How many 4-digit pin codes are there?

Decision: in fact, to solve the problem, it is enough to know the rules of combinatorics: you can choose the first digit of the pin code in ways and ways - the second digit of the pin code and in as many ways - a third and as many - the fourth. Thus, according to the rule of multiplication of combinations, a four-digit pin code can be composed: in ways.

And now with the formula. By condition, we are offered a set of numbers, from which numbers are selected and placed in a certain order, while the numbers in the sample can be repeated (i.e. any digit of the original set can be used an arbitrary number of times). According to the formula for the number of placements with repetitions:

Answer: 10000

What comes to mind here ... ... if the ATM "eats" the card after the third unsuccessful attempt to enter the pin code, then the chances of picking it up at random are very illusory.

And who said that there is no practical sense in combinatorics? A cognitive task for all readers of the site:

Problem 17

According to the state standard, a car license plate consists of 3 numbers and 3 letters. In this case, a number with three zeros is not allowed, and the letters are selected from the set A, B, E, K, M, H, O, R, C, T, U, X (only those Cyrillic letters are used, the spelling of which matches the Latin letters).

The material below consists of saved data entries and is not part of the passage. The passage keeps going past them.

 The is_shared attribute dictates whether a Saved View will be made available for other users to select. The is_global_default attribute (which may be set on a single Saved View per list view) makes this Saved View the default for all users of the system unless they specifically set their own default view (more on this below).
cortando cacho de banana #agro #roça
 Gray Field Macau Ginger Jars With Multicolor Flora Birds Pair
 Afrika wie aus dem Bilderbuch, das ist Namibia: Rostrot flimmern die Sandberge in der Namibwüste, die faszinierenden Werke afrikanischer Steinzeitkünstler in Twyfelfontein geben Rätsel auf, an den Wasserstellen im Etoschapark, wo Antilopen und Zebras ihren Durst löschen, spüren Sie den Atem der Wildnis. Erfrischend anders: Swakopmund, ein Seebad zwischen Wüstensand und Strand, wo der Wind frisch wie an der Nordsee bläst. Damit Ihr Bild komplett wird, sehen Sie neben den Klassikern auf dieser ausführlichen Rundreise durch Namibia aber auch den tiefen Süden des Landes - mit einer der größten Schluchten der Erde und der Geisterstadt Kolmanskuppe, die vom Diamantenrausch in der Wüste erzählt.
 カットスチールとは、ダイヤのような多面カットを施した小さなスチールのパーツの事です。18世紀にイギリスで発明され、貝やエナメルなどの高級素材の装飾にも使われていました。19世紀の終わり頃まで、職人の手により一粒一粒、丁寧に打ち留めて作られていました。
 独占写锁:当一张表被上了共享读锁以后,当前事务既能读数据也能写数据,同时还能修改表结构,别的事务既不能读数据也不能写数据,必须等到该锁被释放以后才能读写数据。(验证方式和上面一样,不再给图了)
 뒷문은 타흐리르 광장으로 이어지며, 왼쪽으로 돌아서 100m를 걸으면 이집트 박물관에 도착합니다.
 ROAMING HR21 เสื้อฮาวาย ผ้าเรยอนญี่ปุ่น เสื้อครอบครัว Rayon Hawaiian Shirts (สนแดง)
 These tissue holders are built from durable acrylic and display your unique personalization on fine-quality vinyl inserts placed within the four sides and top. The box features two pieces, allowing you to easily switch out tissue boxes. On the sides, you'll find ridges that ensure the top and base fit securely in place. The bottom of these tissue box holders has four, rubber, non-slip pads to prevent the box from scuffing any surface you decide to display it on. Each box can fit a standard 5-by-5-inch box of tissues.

How many different license plates can be composed for a region?

Not so, by the way, and a lot. In large regions, this number is not enough, and therefore for them there are several codes for the inscription RUS.

Solution and answer at the end of the lesson. Don't forget to use the rules of combinatorics ;-) …I wanted to brag about being exclusive, but it turned out to be not exclusive =) I looked at Wikipedia - there are calculations there, however, without comments. Although for educational purposes, probably, few people solved it.

Our fascinating lesson has come to an end, and in the end I want to say that you did not waste your time - for the reason that combinatorics formulas find another vital practical application: they are found in various tasks on probability theory,
and in tasks on the classical definition of probability- especially often

Thank you all for your active participation and see you soon!

Solutions and answers:

Task 2: Decision: find the number of all possible permutations of 4 cards:

When a card with a zero is in 1st place, the number becomes three-digit, so these combinations should be excluded. Let zero be in the 1st place, then the remaining 3 digits in the least significant digits can be rearranged in ways.

Note : because there are few cards, it is easy to list all such options here:
0579
0597
0759
0795
0957
0975

Thus, from the proposed set, you can make:
24 - 6 = 18 four-digit numbers
Answer : 18

Task 4: Decision: 3 cards can be selected from 36 ways.
Answer : 7140

Task 6: Decision: ways.
Another solution : ways you can select two people from the group and and
2) The “cheapest” set contains 3 ruble coins, and the most “expensive” set contains 3 ten-ruble coins.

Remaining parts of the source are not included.